Services
Every AI provider and integration that plugs into Voxta — LLMs, TTS, STT, vision, search, and more.
Voxta talks to AI services through a plugin system. Each service is its own module — Voxta Server loads them at startup and they show up in the Add Service catalog. You install what you need, configure it, and Voxta routes the right service for each part of a chat.
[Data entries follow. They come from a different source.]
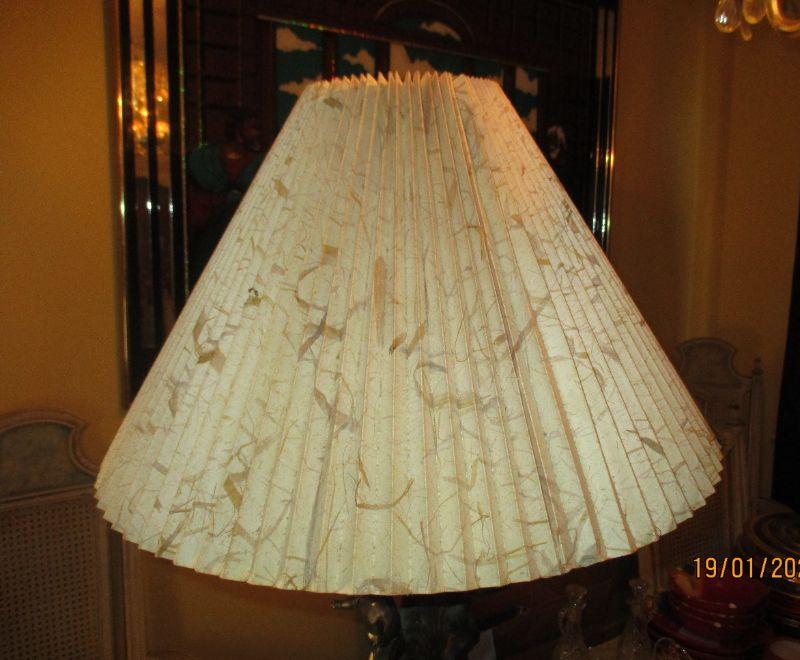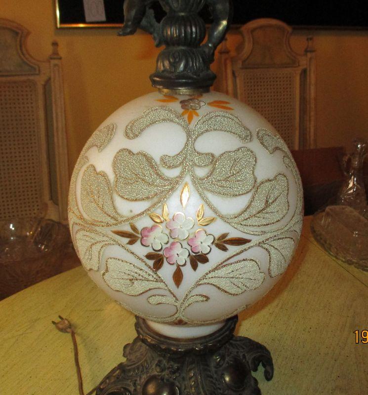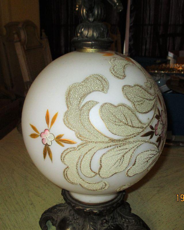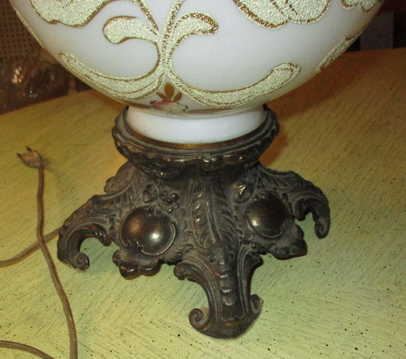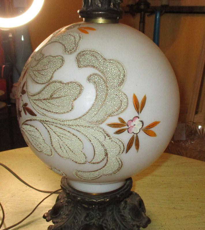 This is an absolutely gorgeous lamp that will be the highlight of any room. It has a paper lamp shade, but the finial is lost. It stands 37.75" tall and the glass base is about 9.5" in diameter.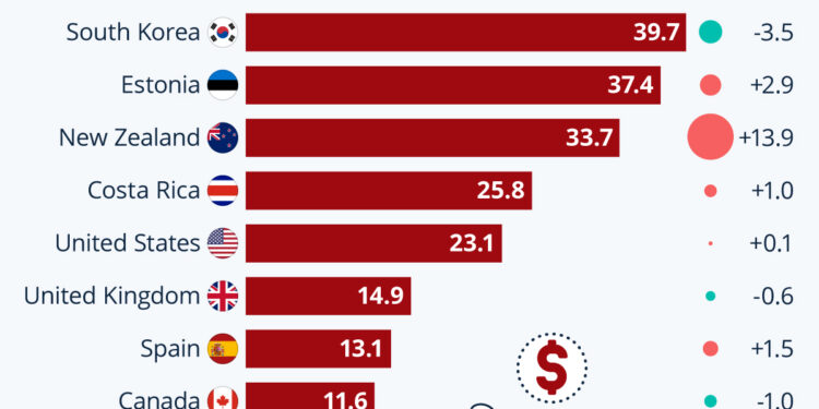 Στο Ηνωμένο Βασίλειο, το ποσοστό παρέμεινε γύρω στο 15%, ενώ στον Καναδά διαμορφώθηκε λίγο κάτω από το 12%.
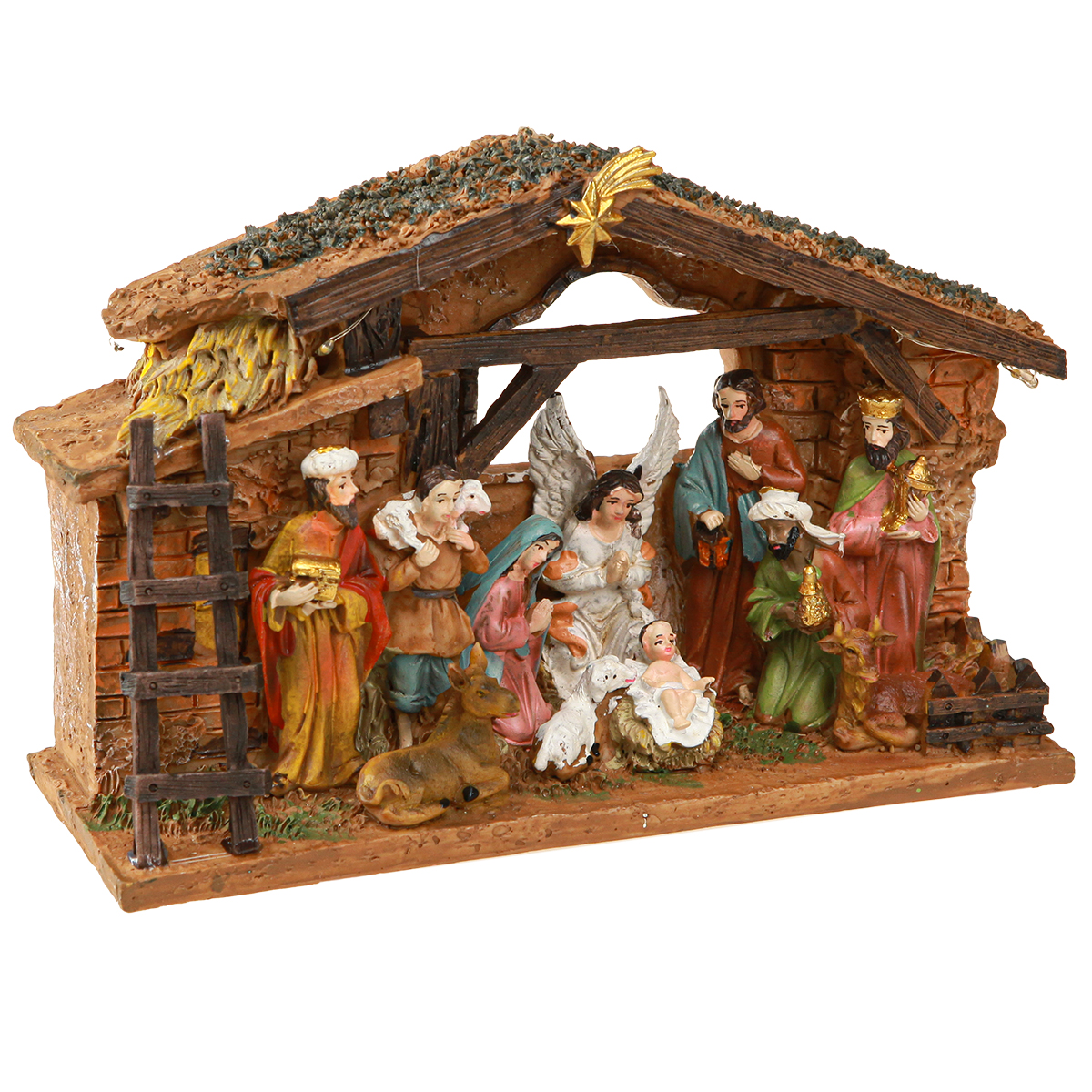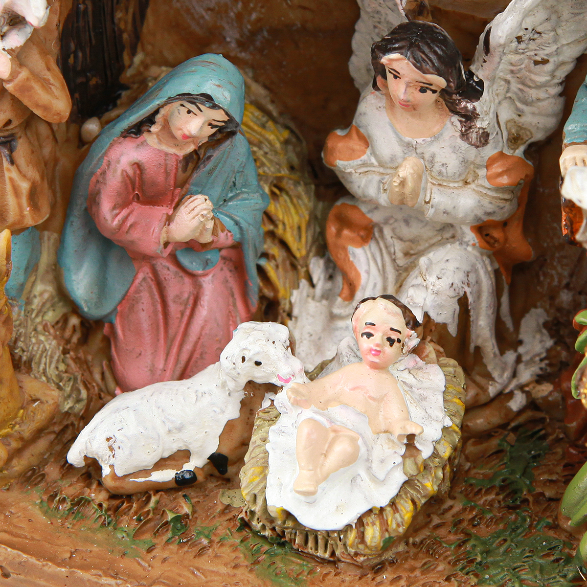 - Många figurer: herdar, änglar, tre kungar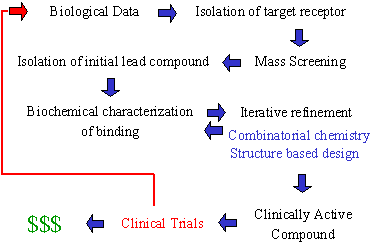 The modern day drug discovery pipeline is outlined in Figure 5. The first step is to determine an assay for the receptor. An assay is a chemical or biological test that turns positive when a suitable binding agent interacts with the receptor. Usually, this test is some form of colorimetric assay, in which an indicator turns a specific color when complementary ligands are present. This assay is then used in mass screening, which is a technique whereby hundreds of thousands of compounds can be tested in a matter of days to weeks. A pharmaceutical company will first screen their entire corporate database of known compounds. The reason is that if a successful match is found, the database compound is usually very well characterized. Furthermore, synthetic methods will be known for this compound, and patent protection is often present. This enables the company to rapidly prototype a candidate ligand whose chemistry is well known and within the intellectual property of the company.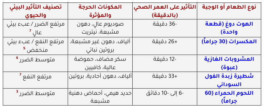 تؤكد هذه البيانات أن استبدال 10% فقط من السعرات الحرارية اليومية المستمدة من اللحوم الحمراء والمعالجة بمزيج من الحبوب الكاملة، والفواكه، والخضروات، والمكسرات، والبقوليات، يمكن أن يضيف 48 دقيقة من الحياة الصحية يومياً لكل فرد.(6) وفي المقابل، نجد أن استهلاك “هوت دوغ” واحد قد يكلف الشخص 36 دقيقة من حياته الصحية، بينما تمنح حصة من المكسرات زيادة قدرها 26 دقيقة.(4) هذا التباين الشاسع يعود إلى غنى الأطعمة النباتية بالألياف ومضادات الأكسدة وأحماض أوميغا-3 الدهنية، وهي عناصر تعمل بتناغم لتقليل الالتهابات وتحسين مستويات الدهون في الدم وحماية الحمض النووي من التلف.(2)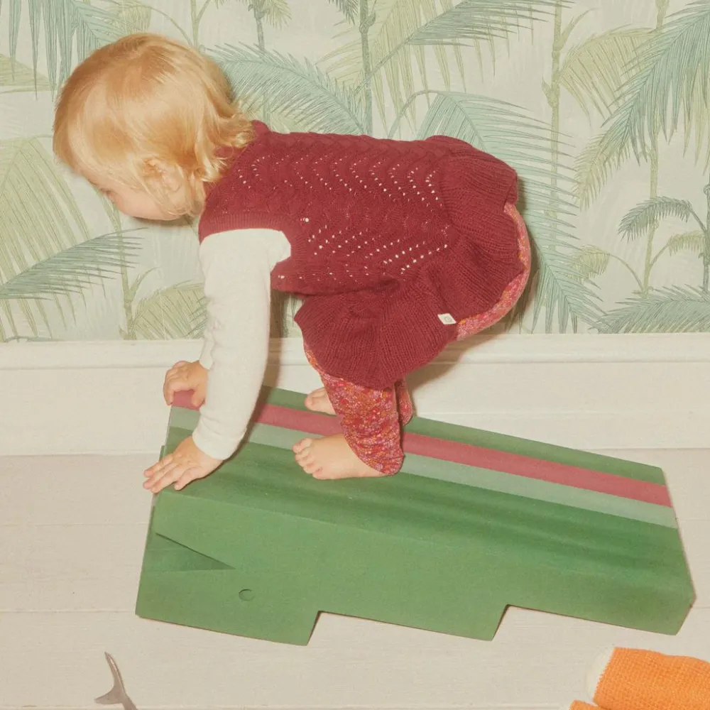 Lad dit barn bruge sin nye bObles krokodille i stor størrelse som trappe, som glidebane (når den vendes om) eller som balancebom (når den står på siden).

What you need for a working chat
At minimum:
| Role | What it does | Pick from |
|---|---|---|
| Text Generation (LLM) | Generates the character's replies. Also handles Action Inference and Summarization unless you split them out. | Large Language Models |
| Text-to-Speech (TTS) | Speaks the reply. | Text-to-Speech |
| Speech-to-Text (STT) | Transcribes your microphone. | Speech-to-Text |
Everything else is optional.
Service categories
Large Language Models
Text generation, action inference, summarization.
Text-to-Speech
Voice synthesis.
Speech-to-Text
Voice transcription.
Wake Word
Hands-free activation by name.
Computer Vision
Image and screenshot understanding (mostly an LLM capability).
Image Generation
Generate images in chat.
Vision Capture
Webcam and screen capture sources for vision.
Memory
Long-term memory backends.
Web Search
Web lookup tools.
Chat Augmentations
Voxta Utilities + game / device integrations (Lovense, Elite Dangerous, MCP).
Animation
Body motion / gesture generation.
Audio I/O
Low-level audio input, output, and conversion.